El tiempo pasa inexorablemente para todos. Nuestro peor enemigo en algunas ocasiones, y nuestro mejor aliado en otras. De una forma u otra nos encontramos impotentes en nuestro inevitable avance por esta cuarta dimensión en la que nos es imposible escoger el sentido de recorrido, por mucho que deseemos a veces poder hacerlo. Nos valemos de múltiples instrumentos para intentar medir lo inmedible y en cierta manera somos esclavos de él a muchos más niveles de lo que imaginamos. La música, sin ir más lejos, es buen ejemplo de ello y con Braid alcanza su máxima definición en este aspecto.

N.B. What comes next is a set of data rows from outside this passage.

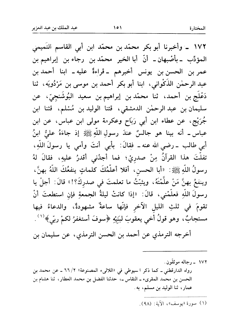 ١٧٢ - وَأَخْبَرَنَا أَبُو بَكْرٍ مُحَمَّدُ بْنُ مُحَمَّدِ ابْنِ أَبِي الْقَاسِمِ التَّمِيمِيُّ الْمُؤَدِّبُ - بِأَصْبَهَانَ - أَنَّ أَبَا الْخَيْرِ مُحَمَّدَ بْنَ رَجَاءِ بْنِ إِبْرَاهِيمَ بْنِ عُمَرَ بْنِ الْحَسَنِ بْنِ يُونُسَ أَخْبَرَهُمْ - قِرَاءَةً عَلَيْهِ - أَبْنَا أَحْمَدُ بْنُ عَبْدِ الرَّحْمَنِ الذَّكْوَانِيُّ، أَبْنَا أَبُو بَكْرٍ أَحْمَدُ بْنُ مُوسَى بْنِ مَرْدُوَيْهِ، ثَنَا دَعْلَجُ بْنُ أَحْمَدَ، ثَنَا مُحَمَّدُ بْنُ إِبْرَاهِيمَ بْنِ سَعِيدٍ الْبُوشَنْجِيُّ، عَنْ سُلَيْمَانَ بْنِ عَبْدِ الرَّحْمَنِ الدِّمَشْقِيِّ، قَثَنَا الْوَلِيدُ بْنُ مُسْلِمٍ، قَثَنَا ابْنُ جُرَيْجٍ، عَنْ عَطَاءِ ابْنِ أَبِي رَبَاحٍ وَعِكْرِمَةَ مَوْلَى ابْنِ عَبَّاسٍ، عَنِ ابْنِ عَبَّاسٍ: «أَنَّهُ بَيْنَا هُوَ جَالِسٌ عِنْدَ رَسُولِ اللهِ - صَلَّى اللهُ عَلَيْهِ وَسَلَّمَ - إِذْ جَاءَهُ عَلِيُّ بْنُ أَبِي طَالِبٍ - رَضِيَ اللهُ عَنْهُ - فَقَالَ: بِأَبِي أَنْتَ وَأُمِّي يَا رَسُولَ اللهِ، تَفَلَّتَ هَذَا الْقُرْآنُ مِنْ صَدْرِي؛ فَمَا أَجِدُنِي أَقْدِرُ عَلَيْهِ، فَقَالَ لَهُ رَسُولُ اللهِ صَلَّى اللهُ عَلَيْهِ وَسَلَّمَ: أَبَا الْحَسَنِ، أَفَلَا أُعَلِّمُكَ كَلِمَاتٍ يَنْفَعُكَ اللهُ بِهِنَّ، وَيَنْفَعُ بِهِنَّ مَنْ عَلَّمْتَهُ، وَيَثْبُتُ مَا تَعَلَّمْتَ فِي صَدْرِكَ! قَالَ: أَجَلْ يَا رَسُولَ اللهِ فَعَلِّمْنِي، قَالَ: إِذَا كَانَتْ لَيْلَةُ الْجُمُعَةِ فَإِنِ اسْتَطَعْتَ أَنْ تَقُومَ فِي ثُلُثِ اللَّيْلِ الْآخِرِ فَإِنَّهَا سَاعَةٌ مَشْهُودَةٌ، وَالدُّعَاءُ فِيهَا مُسْتَجَابٌ، وَهُوَ قَوْلُ أَخِي يَعْقُوبَ لِبَنِيهِ {سَوْفَ أَسْتَغْفِرُ لَكُمْ رَبِّي}».
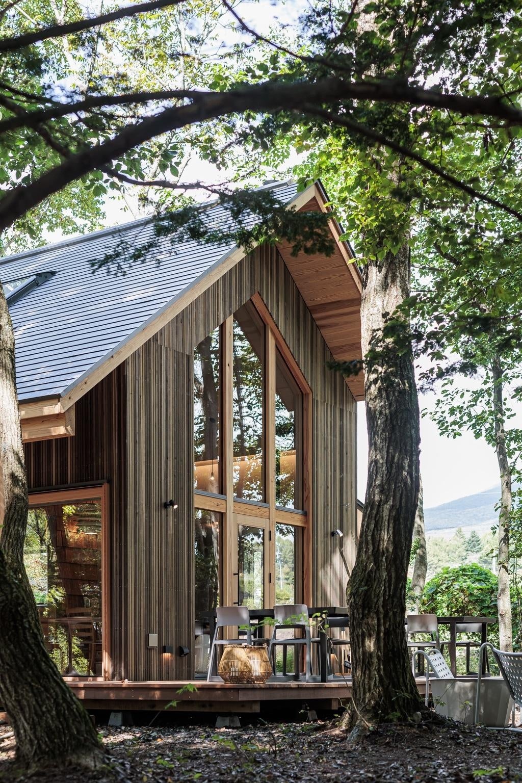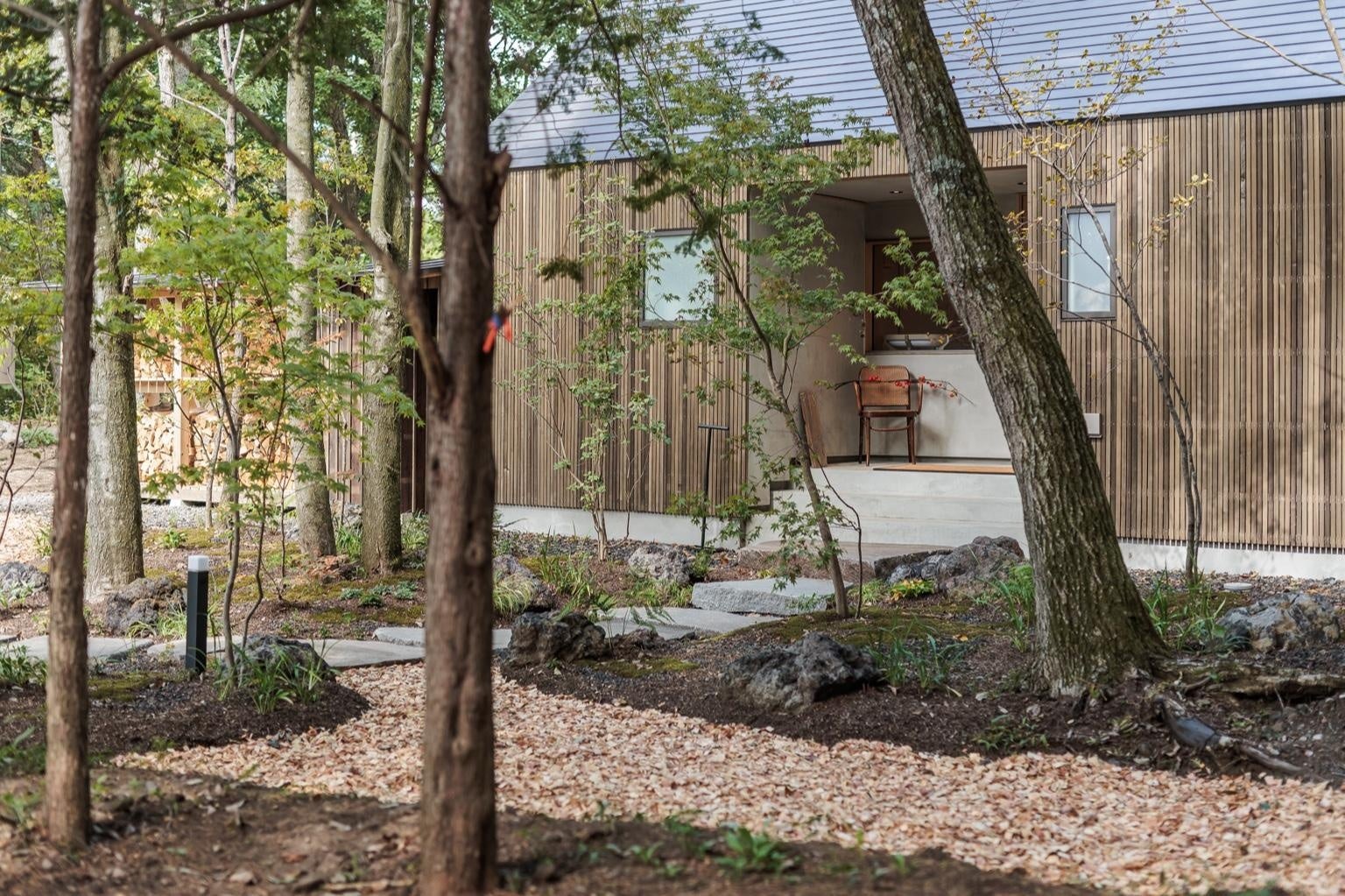 https://prcdn.freetls.fastly.net/release_image/171153/6/171153-6-f351a3fda0843933442287d43cbe37a4-1024×1536.jpg The exterior as seen from the dog run. The exterior walls and large church-like windows harmonize with the natural scenery. The building stands in a quiet forest overlooking Mount Asama. The parking lot is paved with crushed local Asama stone, and the approach is balanced with large Asama stone dug up during construction and plants native to Shinshu.
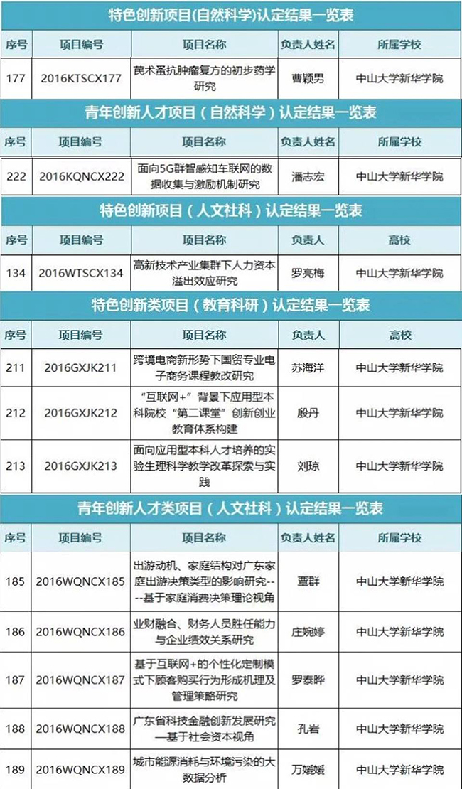 3月31日,广东省教育厅公布了2016年重点平台及科研项目立项名单。kaiyun官网共有11个项目获得立项,其中特色创新项目(自然科学) 项目1项,青年创新人才类项目(自然科学类)1项,特色创新项目(人文社科类)1项,特色创新项目(教育科研类)3项,青年创新人才类项目(人文社科类)5项。
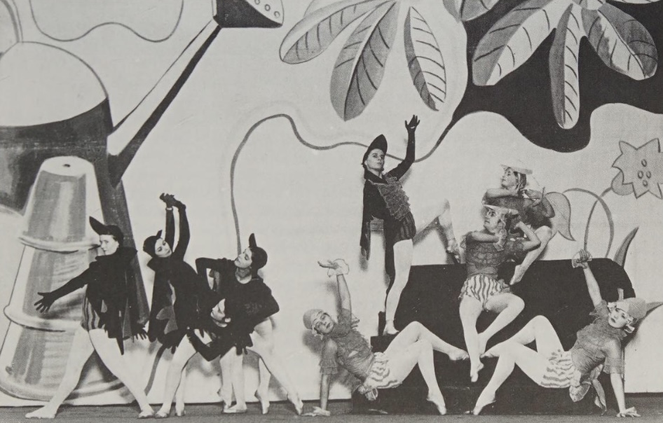 The Jackdaw and the Pigeons (de Valois), one of the ballets performed on the 5th May 1931. Beatrice is third from the left, crouching, and de Valois is stood posing on the stairs

Cuán relativo es el tiempo. Casi podríamos decir que es caprichoso. Considerado absoluto por Newton y devuelto a su relativa esencia por Einstein, el cual, para explicar dicha relatividad, decía: «siéntate con una mujer hermosa durante una hora y te parecerá un minuto; siéntate sobre una estufa caliente durante un minuto y te parecerá una hora». La percepción que tenemos de su paso se torna en ocasiones misteriosa, como venía indicándonos el genio alemán. La música no está exenta de este efecto, sin embargo, siempre ha sido una perfecta medida del tiempo transcurrido durante algún suceso. Por ejemplo, Galileo Galilei, a comienzos del siglo XVII, empleaba un instrumento musical para medir el tiempo con el que se llevaban a cabo sus experimentos. Es más, la creación del universo, inmediatamente después del Big Bang, se llevó a cabo en lo que dura una canción (tres minutos aproximadamente). Pudiera parecer una trivialidad el comentar esta relación entre tiempo y música, pero se puede llegar a jugar con ambos conceptos juntos de una forma bastante curiosa y el ejemplo más claro es el objeto de este artículo. En Braid, el tiempo se nos presenta como un puro reflejo de la acción en cuanto a como la manipulación de este afecta de igual modo a las melodias que escuchamos. Así pues, este trasfondo sonoro se nos presenta como un protagonista adicional que nos pondrá aun más en evidencia los cambios producidos por estos saltos temporales, haciendo de improvisado reloj a la hora de marcar el ritmo de la aventura.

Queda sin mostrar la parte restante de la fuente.